# Airbus A380 at Adelaide



## Wildcat (Sep 27, 2008)

Today saw the first time the new Airbus A380 made a landing at Adelaide airport. We headed down with my father inlaw (along with half the city!) to have a squizz and I must say I was most impressed. She definately is a beast of a plane! It was only here for about half an hour undertaking some tests before it took off again.
Anyway here are some pics I took of the event.


----------



## DerAdlerIstGelandet (Sep 27, 2008)

Very good pics man! I am still waiting to see this beast.


----------



## B-17engineer (Sep 27, 2008)

Very cool pics I would love to see one in person......I saw many 747 in Newark New Jersey when we were flying to florida but no A380


----------



## HoHun (Sep 27, 2008)

Hi Wildcat,

Great shots, thanks a lot! 

>She definately is a beast of a plane! 

Zeppelinesque 

The strange thing is that due to the large fuselage it looks deceptively like a smaller airliner until you get close enough to see the details - and then it seems BIG all of a sudden!

Regards,

Henning (HoHun)


----------



## Airframes (Sep 27, 2008)

Great pics and a beast of a bus. Being a double-decker, is there a conductor on board who shouts "Room on top!", as they used to do on the old London buses?!!!


----------



## Micdrow (Sep 28, 2008)

Great job there Wildcat.


----------



## Wayne Little (Sep 28, 2008)

Nice Andy!


----------



## Gnomey (Sep 28, 2008)

Good stuff Andy! I saw her in Singapore when I was on my way to Sydney puts a 747 to shame (especially inside - she has much more room an is more comfortable).

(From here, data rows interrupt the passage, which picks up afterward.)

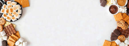 Smores buffet double border. Roasted marshmallows, crackers, chocolate and a collection of ingredients. Above view over a white marble background.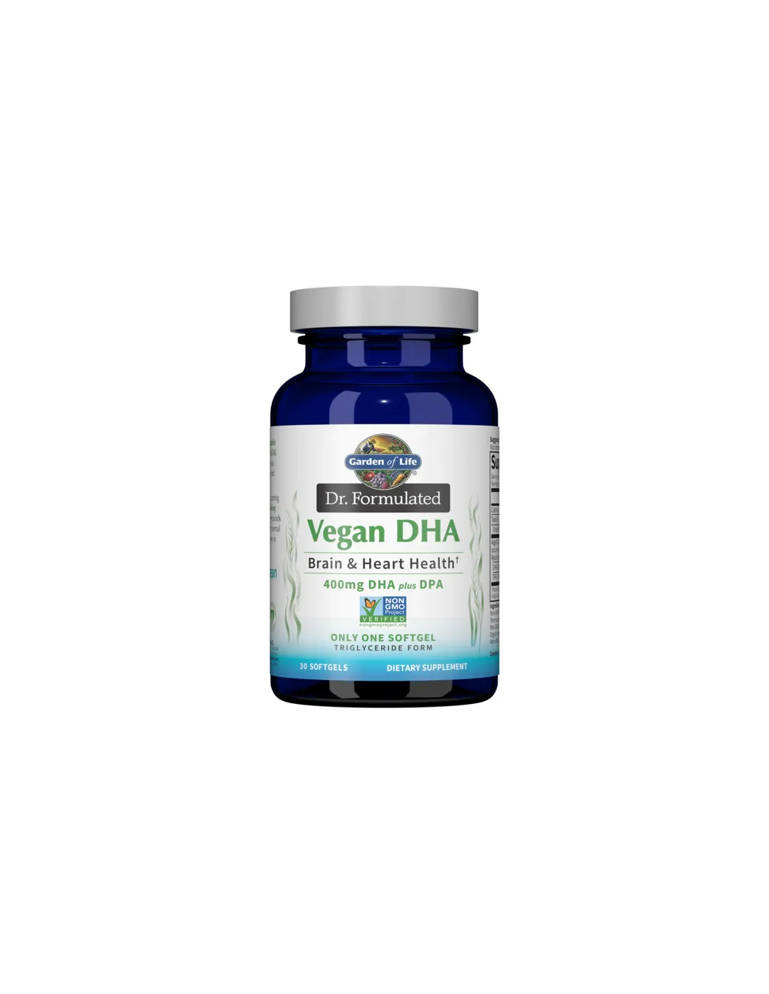Garden of Life Algae Omega-3 is a softgel food supplement formulated with triglyceride-form algal oil, providing omega-3 fatty acids from a non-fish, plant-based source. The product contains naturally occurring specialized lipid mediators and is designed for daily adult use.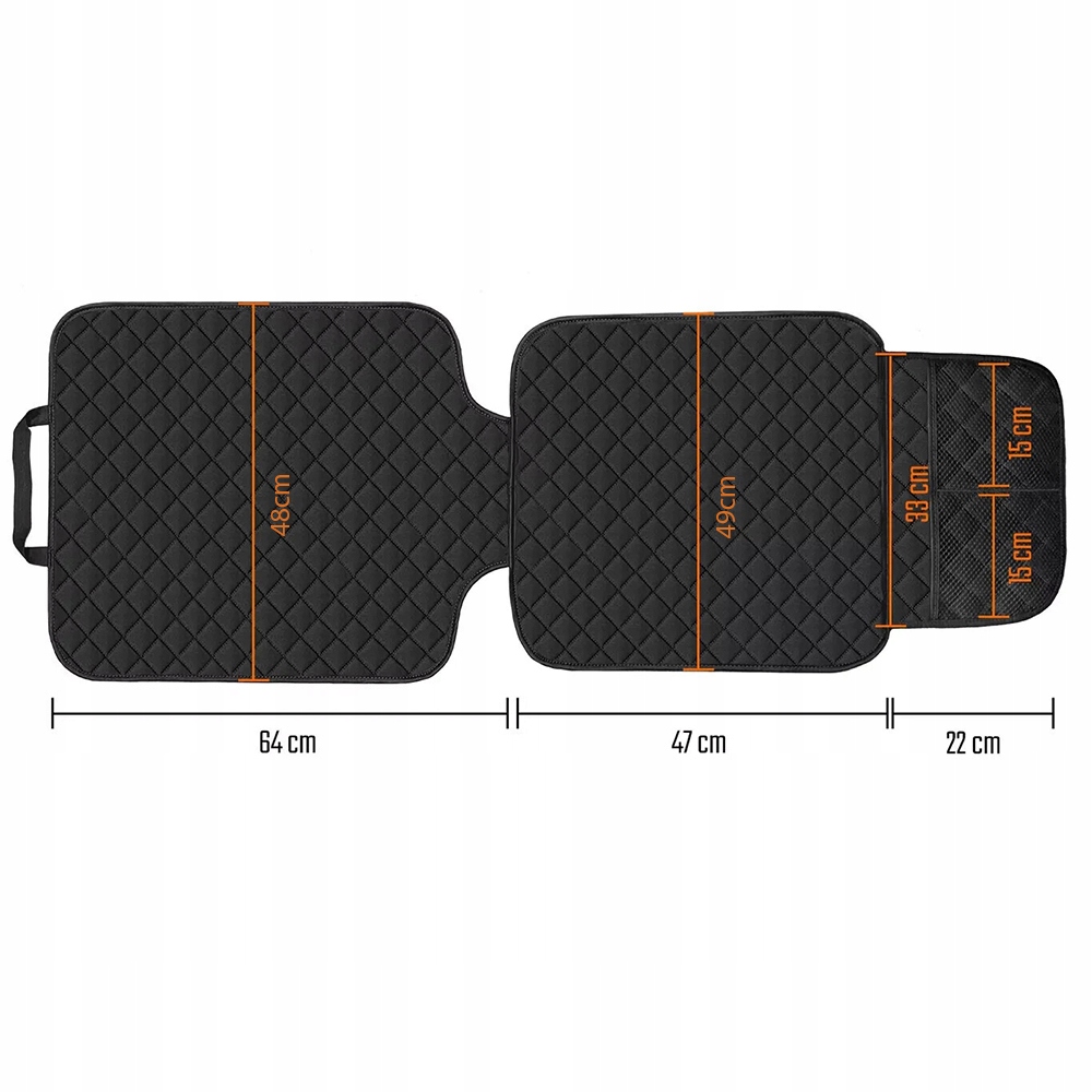 Розміри сидіння 49 х 47 см і спинки 48 х 64 см (ширина х довжина) забезпечують ідеальний захист сидіння, а протектор універсальний і сумісний практично з усіма марками і моделями автомобілів. У зоні ніг є дві практичні кишені для зберігання дрібних предметів або іграшок, які мають бути легкодоступними.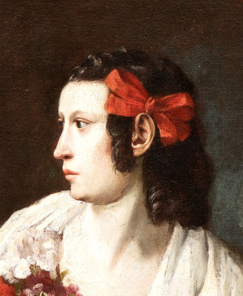 Portrait of a Lady with red ribbon Oil on canvas cm. 46,5x35,5. Framed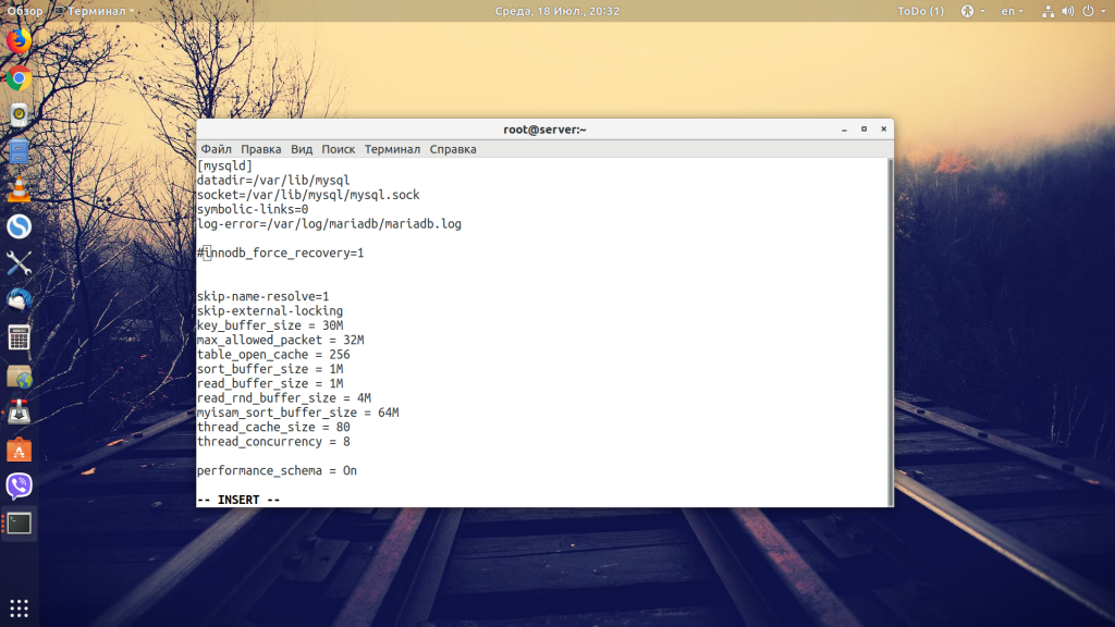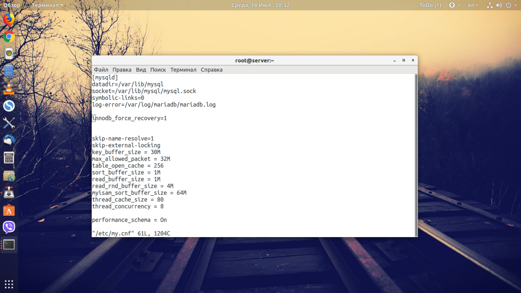 Для этого нам придётся отредактировать главный конфигурационный файл — my.cnf: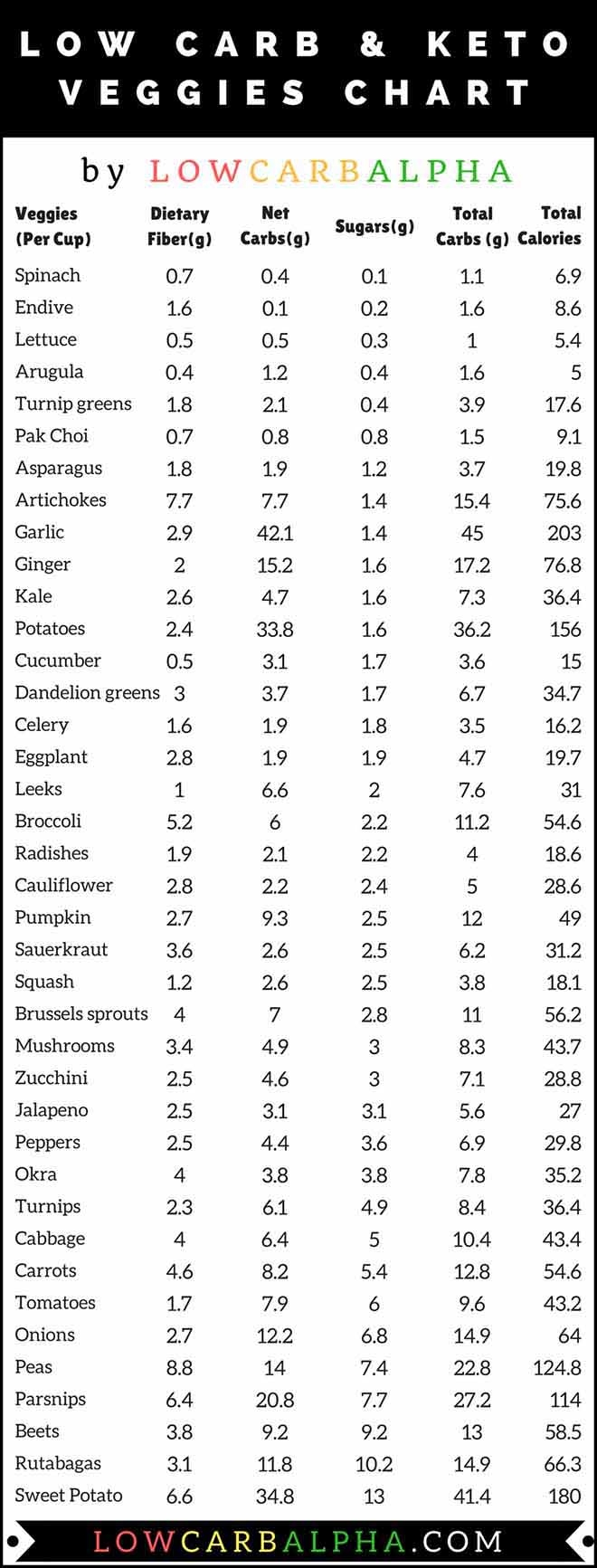 What Are List Of Carbs In Vegetables And Printable Chart?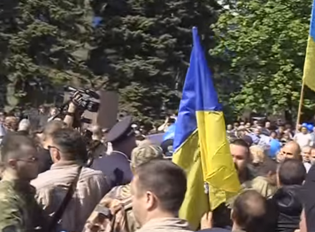 Активисты в камуфляжной форме перегородили дорогу колонне, который организовал «Оппозиционный блок». Шествие возглавил один из лидеров «Оппоблока» Александр Вилкул. Рядом с ним находился нардеп Дмитрий Колесников. Политики держали в руках фотографии своих родственников-участников Великой Отечественной войны.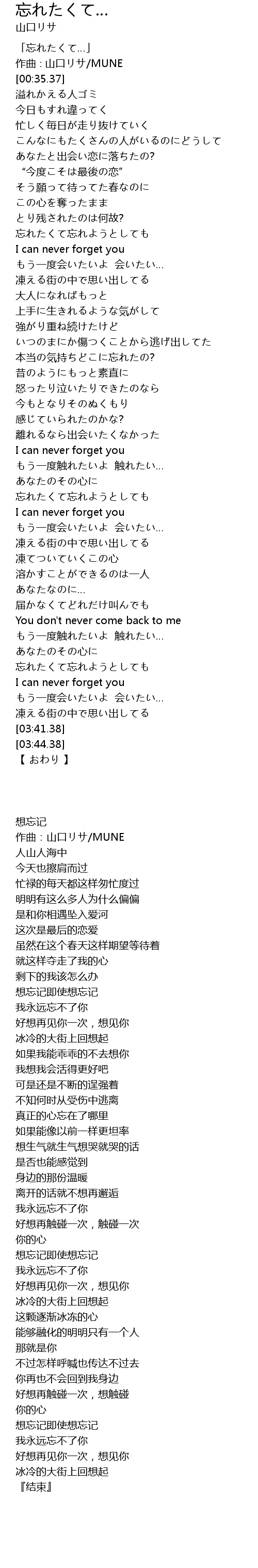 | [03:19.11] | 忘れたくて忘れようとしても |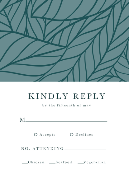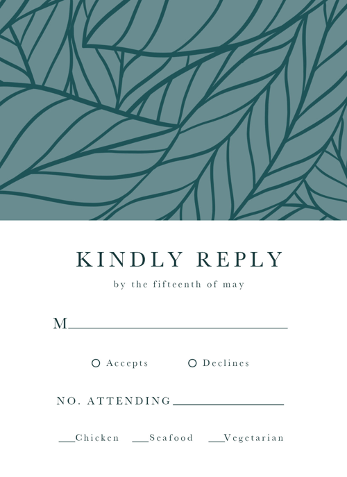 Complete your wedding card set with an artist-designed Wedding RSVP Card printed with premium quality.
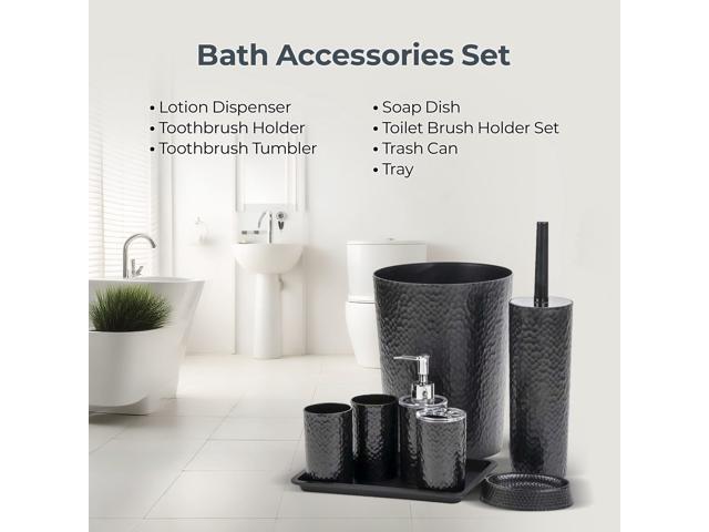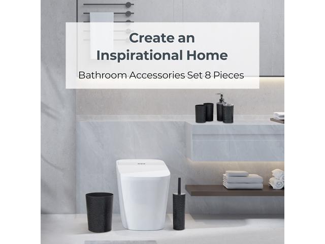 - Complete 8-Piece Bathroom Set: Includes Trash Can, Toilet Brush with Holder, Lotion Dispenser, Toothbrush Holder, 2 Toothbrush Cups, Soap Dish, and Tray - everything you need in one purchase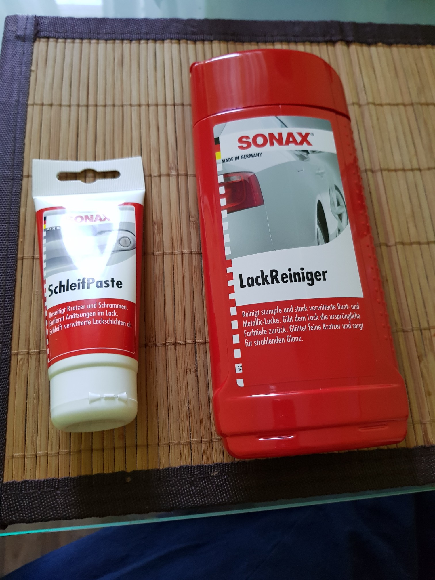 Nicht die Paste nehmen, die ist viel zu agressiv! Wenn du damit auf dem Lack arbeitest, trägst du zuviele Lackschichten ab! Nimm den Lackreiniger und arbeite vorsichtig, kreisende Bewegungen, nicht zu sehr aufdrücken, taste dich heran und schau ob eine Besserung eintritt. Denk daran, nach fest kommt ab, zählt auch für Lack!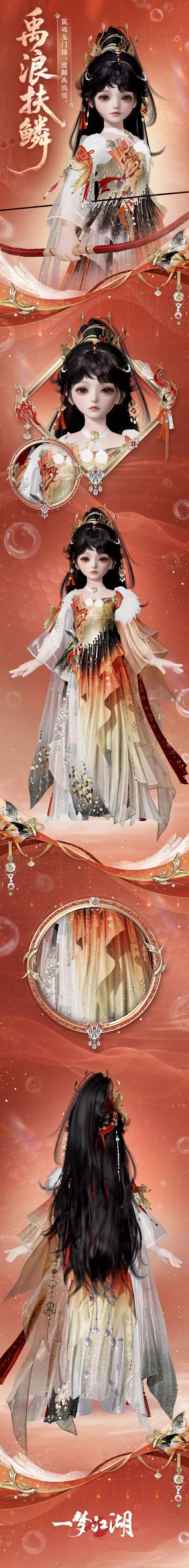 时装·万恒沙以丝绸古道上的时间史诗为灵感,将大漠流沙、星轨移转织入衣袂。时装·禹浪扶鳞则取意“龙鲤跃渊”,以玄金为渊、赤焰为魂。

Here is my pics - they are not great as it was dark and I was shooting through the glass of the Terminal. Airbus A380 - a set on Flickr


----------



## JugBR (Oct 2, 2008)

its huge !


----------



## trackend (Oct 3, 2008)

super stuff WC


----------



## RabidAlien (Oct 3, 2008)

Daz one big flying machine!!! I'm guessing that the arcing upward-curve of the wings is because of the size of the plane? Kinda gives it a graceful look....like a ballerina driving a dumptruck...


----------



## Heinz (Oct 9, 2008)

Great shots Andy! 

Shes a behemoth!


----------